Job losses have been the largest in low-wage industries during the current recession. But middle- and upper-income households — which are more likely to be potential homebuyers — have been hit less hard during the current recession, Faucher said. He expects that during the long run, the pandemic will likely boost demand for homeownership, which already was rising before the crisis.
"Mortgage rates will increase into 2021, but at a very slow pace, and affordability will remain good," he said. "But if the recovery from the recession is slow and job gains are weak, a lack of income growth would mean a weak recovery in home sales."

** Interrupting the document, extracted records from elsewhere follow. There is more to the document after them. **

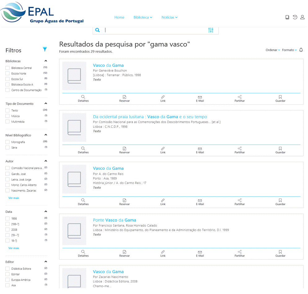 Exemplo de uma pesquisa: pesquisar pelos termos "Vasco da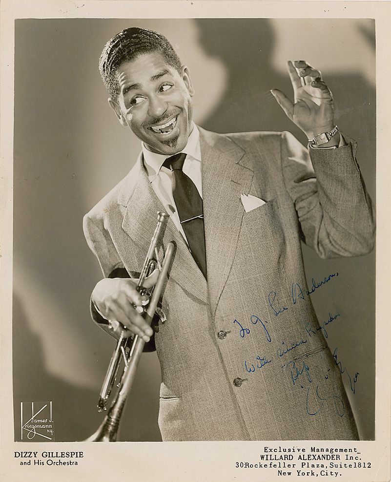 Vintage glossy 8 x 10 publicity photo for Gillespie and his orchestra, signed and inscribed “To J. Lee Anderson, with sincere regards, ‘Bip,’ Dizzy Gillespie.” Scattered creases throughout and a tack hole to the top border, otherwise fine condition.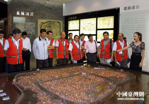上午,訪問團在山東省臺辦副巡視員曹曉武、濟南市臺辦副主任羅國金陪同下,先后參觀了濟南市城市規劃展覽館,訪問了濟南高新技術產業開發區,參觀了齊魯軟件園,并游覽了濟南泉城廣場。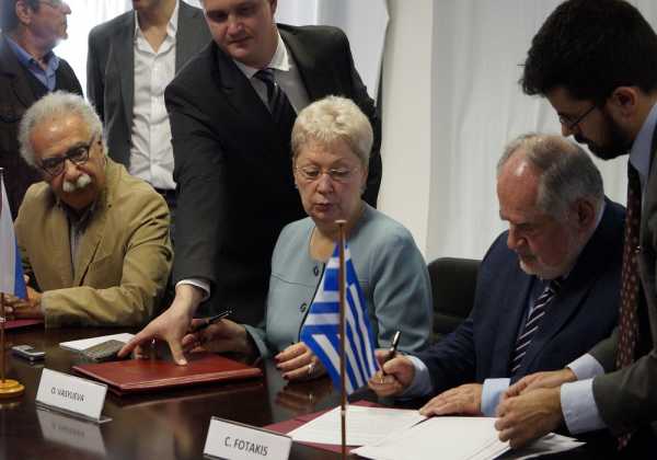 Τη συμφωνία υπέγραψαν, παρουσία του υπουργού Παιδείας, Έρευνας και Θρησκευμάτων Κώστα Γαβρόγλου, από ελληνικής πλευράς ο Αναπληρωτής Υπουργός Έρευνας και Καινοτομίας Κώστας Φωτάκης και από ρωσικής πλευράς η Υπουργός Παιδείας και Επιστήμης της Ρωσικής Ομοσπονδίας Olga Vasilyeva.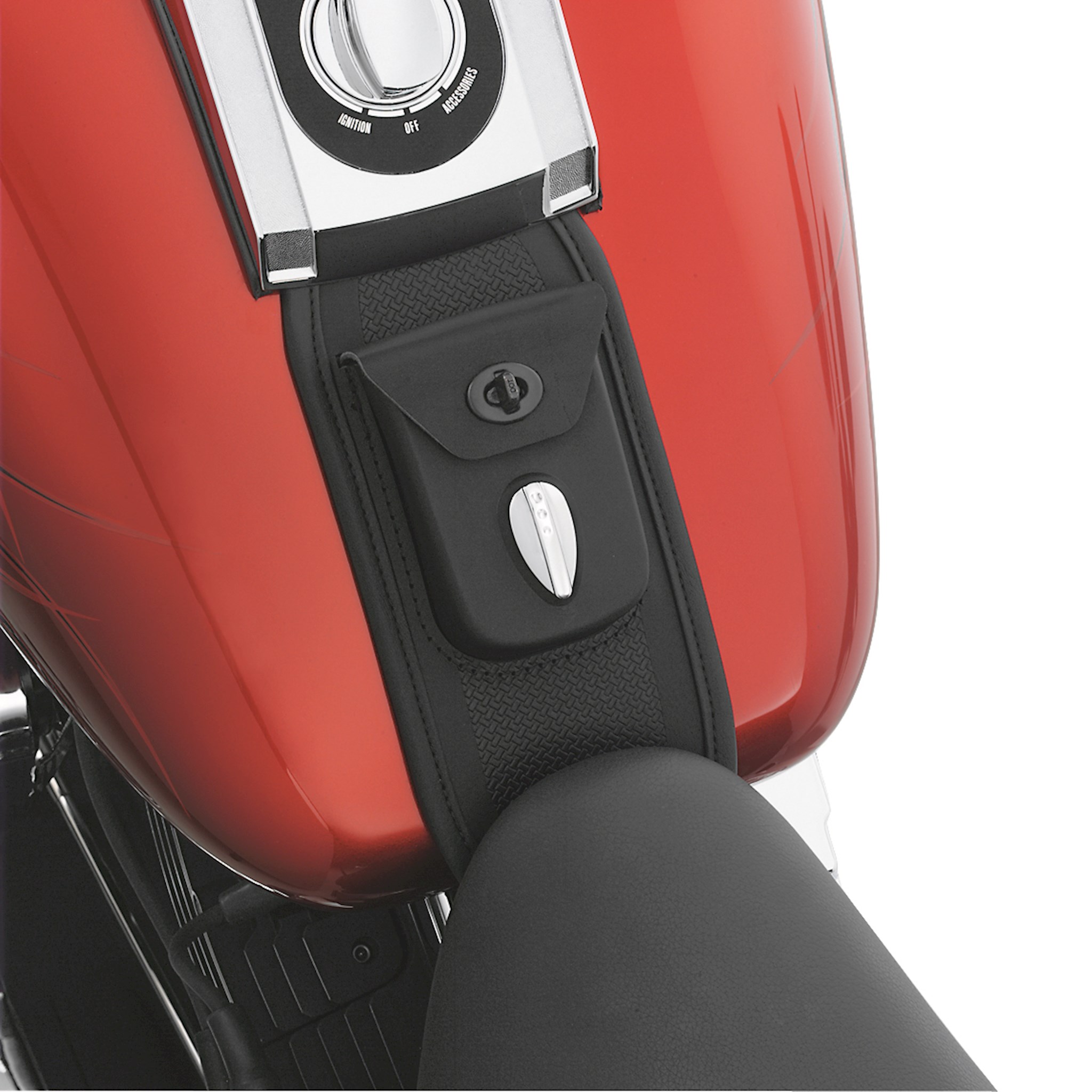 Stylish leather tank panel puts a convenient storage pouch right at your fingertips. Embossed basket-weave pattern and bright chrome teardrop concho matches the Softail Springerâ„¢ Classic trim and complements other smooth leather and vinyl seats and bags.

Reginald Perryman, an associate broker with Keller Williams Metro, says there is pent-up demand.
"Buyers are strong," he said. "There have been some cases where people were laid off or furloughed in the middle of their transaction, but some of those people were called back to work and they're able to continue with the deal. A lot of people are unaware that the market is very strong if they're looking to sell their home."
For several weeks starting in mid-March, real estate activity was limited because buying or selling a house was generally not considered an essential activity under the stay-at-home order imposed by Michigan Gov. Gretchen Whitmer. During that time potential home sellers and buyers relied on virtual showings.
Susan Kelke, an agent with Real Living Kee Realty, said she's aware of numerous deals without buyers stepping foot in the homes.
"There wasn't a lot of that, but there was enough of that that some agents were able to continue working, essentially," she said.
Traditional in-person home showings resumed a month ago. This past weekend, open houses were also allowed to resume.
"Even moving forward, I don't think we're going to do open houses as we've done them in the past," Perryman said. "We probably would have an open house, but we'll probably limit how many people are in a home at once."
Buyers and sellers are taking precautions during home showings, such as wearing face masks and leaving lights on and doors open to minimize the need to touch things.
"In homes that are occupied, we arrive and my clients will have PPE masks and they know not to touch," Kelke said.
"Before COVID, they would touch the countertops. People need to feel and use all of their senses in picking home and understand the finishes. But now people are keeping their hands in their pockets a little bit more. I'm opening more doors, more cabinets, showing them things they would normally look at themselves."
Roquemore is not only looking for a new home, she also has her home in Detroit listed for sale.
"We’re requiring face masks, gloves," she said. "We have a box at the entrance when we know people are coming. We do have them, disposable masks. We want them to be as safe as possible."